[Opening Exercise data section]

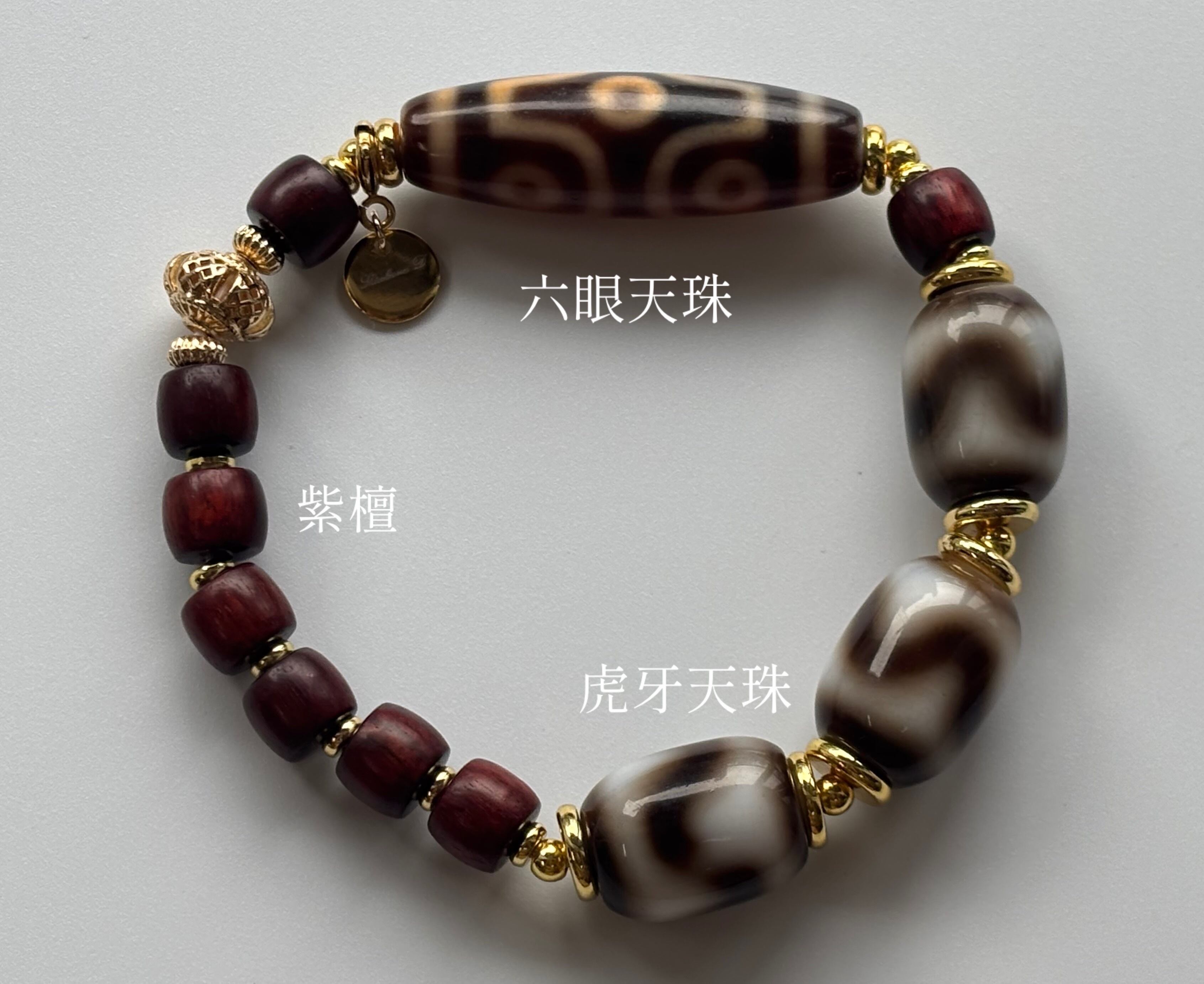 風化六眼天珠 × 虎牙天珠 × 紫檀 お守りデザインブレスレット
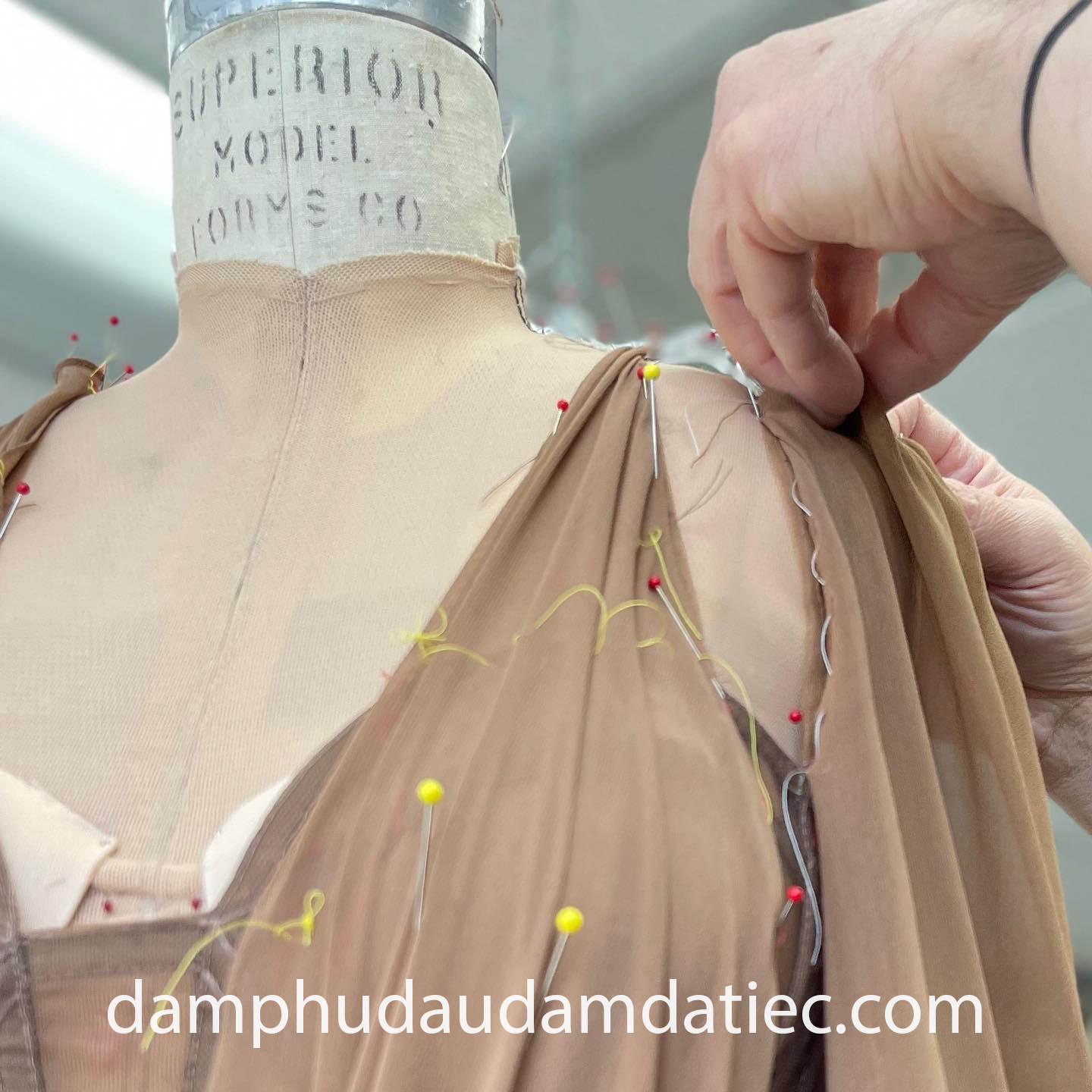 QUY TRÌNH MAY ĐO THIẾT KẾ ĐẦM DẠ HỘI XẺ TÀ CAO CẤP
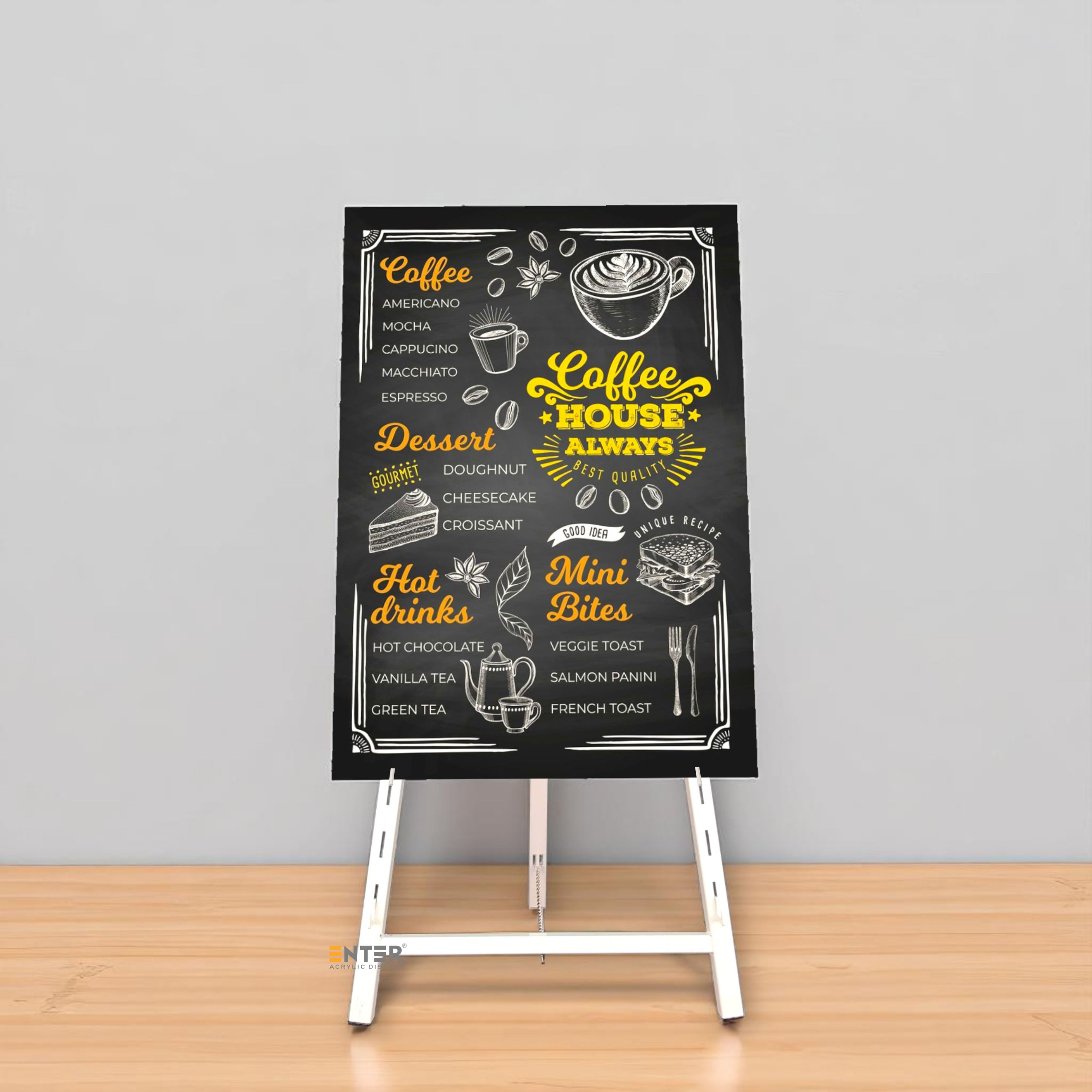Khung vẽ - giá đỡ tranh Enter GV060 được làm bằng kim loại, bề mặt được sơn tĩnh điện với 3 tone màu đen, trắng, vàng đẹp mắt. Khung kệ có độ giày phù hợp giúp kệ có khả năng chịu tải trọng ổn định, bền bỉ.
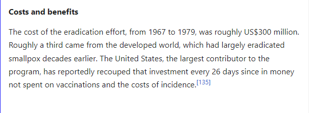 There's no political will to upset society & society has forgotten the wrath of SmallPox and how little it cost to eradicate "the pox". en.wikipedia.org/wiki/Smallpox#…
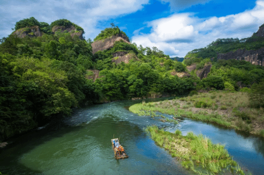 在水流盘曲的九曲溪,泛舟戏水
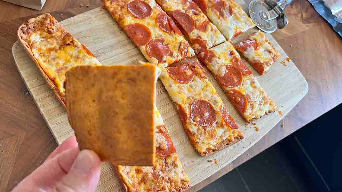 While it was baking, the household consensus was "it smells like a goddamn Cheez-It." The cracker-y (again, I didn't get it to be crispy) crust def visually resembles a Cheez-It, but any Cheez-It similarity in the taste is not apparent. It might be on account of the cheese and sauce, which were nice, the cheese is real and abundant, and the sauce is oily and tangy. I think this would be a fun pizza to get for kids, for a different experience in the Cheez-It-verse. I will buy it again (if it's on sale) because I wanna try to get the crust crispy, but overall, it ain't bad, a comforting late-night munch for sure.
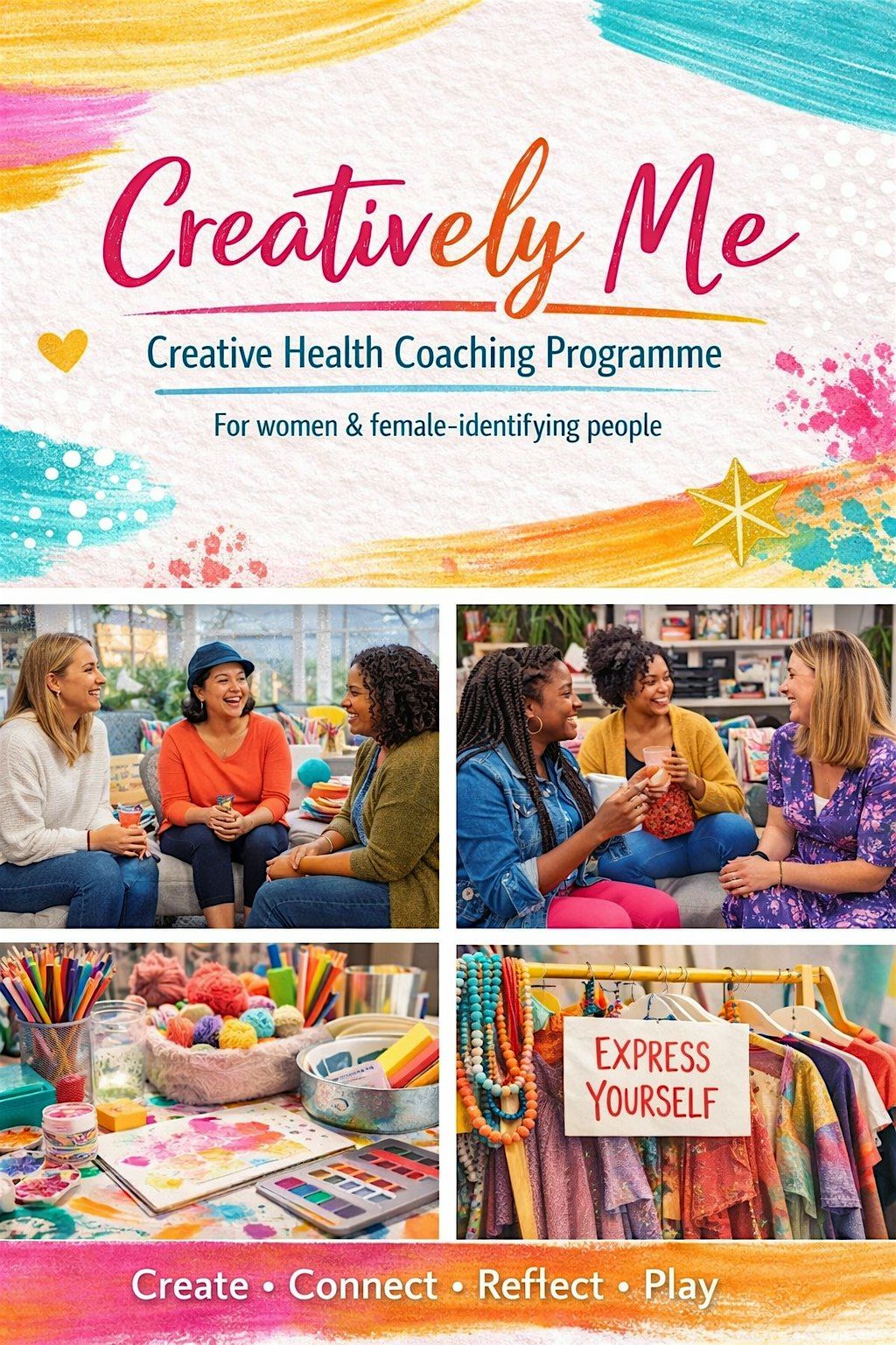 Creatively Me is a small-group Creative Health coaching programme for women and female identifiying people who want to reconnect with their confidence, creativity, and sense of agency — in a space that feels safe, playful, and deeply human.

[Closing Exercise data section]

Task: Produce an exact copy of only those lines that run from the line with "QUY TRÌNH MAY" to the final line of the records, including both; exclude images.

Worked solution:
 QUY TRÌNH MAY ĐO THIẾT KẾ ĐẦM DẠ HỘI XẺ TÀ CAO CẤP
Khung vẽ - giá đỡ tranh Enter GV060 được làm bằng kim loại, bề mặt được sơn tĩnh điện với 3 tone màu đen, trắng, vàng đẹp mắt. Khung kệ có độ giày phù hợp giúp kệ có khả năng chịu tải trọng ổn định, bền bỉ.
 There's no political will to upset society & society has forgotten the wrath of SmallPox and how little it cost to eradicate "the pox". en.wikipedia.org/wiki/Smallpox#…
 在水流盘曲的九曲溪,泛舟戏水
 While it was baking, the household consensus was "it smells like a goddamn Cheez-It." The cracker-y (again, I didn't get it to be crispy) crust def visually resembles a Cheez-It, but any Cheez-It similarity in the taste is not apparent. It might be on account of the cheese and sauce, which were nice, the cheese is real and abundant, and the sauce is oily and tangy. I think this would be a fun pizza to get for kids, for a different experience in the Cheez-It-verse. I will buy it again (if it's on sale) because I wanna try to get the crust crispy, but overall, it ain't bad, a comforting late-night munch for sure.
 Creatively Me is a small-group Creative Health coaching programme for women and female identifiying people who want to reconnect with their confidence, creativity, and sense of agency — in a space that feels safe, playful, and deeply human.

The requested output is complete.